Шрифт:
Интервал:
Закладка:
Я не погиб. Раненый, обессиленный, но вполне живой я лежал на дорожке Английского сада. Попытавшись сесть, почувствовал резкую боль в плече. Такой же болью отозвалась мысль, что не далее как сегодня был убит Анри. Господи, только сегодня… Я нарочно переспросил об этом Настю.
Вместе с сознанием ко мне возвращалось ощущение времени. Я хотел было облечься в мое время, как в привычную разношенную одежду, но не смог. Не знаю, кто из нас изменился — оно или я, — только мы были уже не соизмеримы. Все пережитое мной в течение нескольких мгновений не желало соединяться с огромным, бесконечно продолжавшимся днем. Настя говорила с кем-то по мобильному телефону (подаренному Анри телефону!), а я полусидел, прислонившись здоровым плечом к ее колену.

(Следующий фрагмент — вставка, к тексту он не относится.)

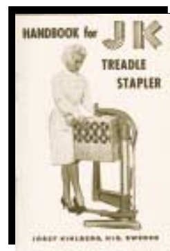
Framsidan av "Handbok för Bottenhäftare"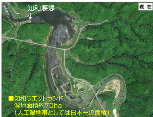
■知和ウエットランド 湿地面積約70ha (人工湿地帯としては日本一の面積)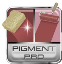
PIGMENT PRO technológia

A Dulux A Nagyvilág Színei a Pigment Pro egyedülálló technológiáján alapuló, beltéri, matt, latex emulzió. A csúcsmínőségű pigmentek optimális koncentrációja kivételes fedőképességet, tartós színeket és mosásállóságot biztosít.

Мне приятно повторить это еще раз: я не погиб. Я не погиб благодаря Насте, моей жене, сестре и матери. В этот день она подарила мне жизнь, и это стало ее материнством. Свернув с аллеи после прогоняющего моего взмаха, Настя не пошла на экзамен. Когда вдалеке она заметила фигуру несостоявшегося убийцы — в своей полноте, кстати говоря, а вовсе не зловещую — в ней шевельнулись какие-то сомнения. Эти сомнения ни на чем не основывались и ни к чему ее еще не побуждали. Увидев, однако же, мой сердитый жест, она встревожилась не на шутку. Вместо того чтобы идти в университет, Настя свернула на параллельную аллею и незаметно (чтобы не раздражать тебя, милый!) стала по ней возвращаться. Сойдя с аллеи, она пробралась сквозь кустарник и появилась точно в том месте, где меня собирались убивать. Тогдашнее Настино появление можно было расценивать как первый привет того неизвестного мира, куда я, по всей вероятности, переходил. Кажется, я уже упоминал, что именно так я его и расценил. Не скрою, мне было приятно, что и в нематериальном мире меня встречает самый дорогой из всех мыслимых призраков. Мое обессиленное сознание покинуло меня еще до выстрела.

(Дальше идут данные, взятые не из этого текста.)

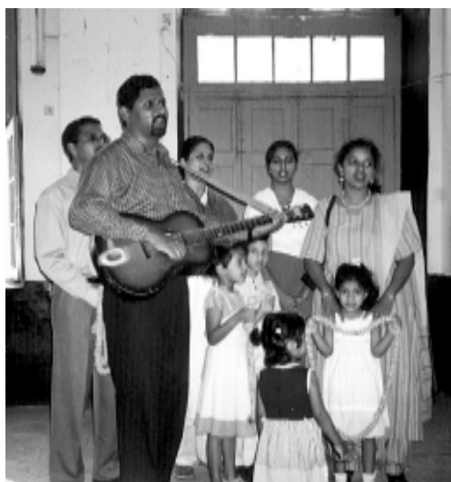
El Coro del MFC

Так бывает. Я где-то читал, что, будучи помилованы уже с петлей на шее, осужденные часто падают в обморок. А этот тип в меня еще ведь и выстрелил. Он выстрелил, но промахнулся, потому что Настя успела ударить его по руке. Пуля попала мне в левое плечо. Как я понимаю, к этому скорбному мгновению я начинал уже потихоньку падать, что, возможно, тоже сбило прицел стрелявшего. Так или иначе, он не только промахнулся, но и выронил свой маленький блестящий пистолет.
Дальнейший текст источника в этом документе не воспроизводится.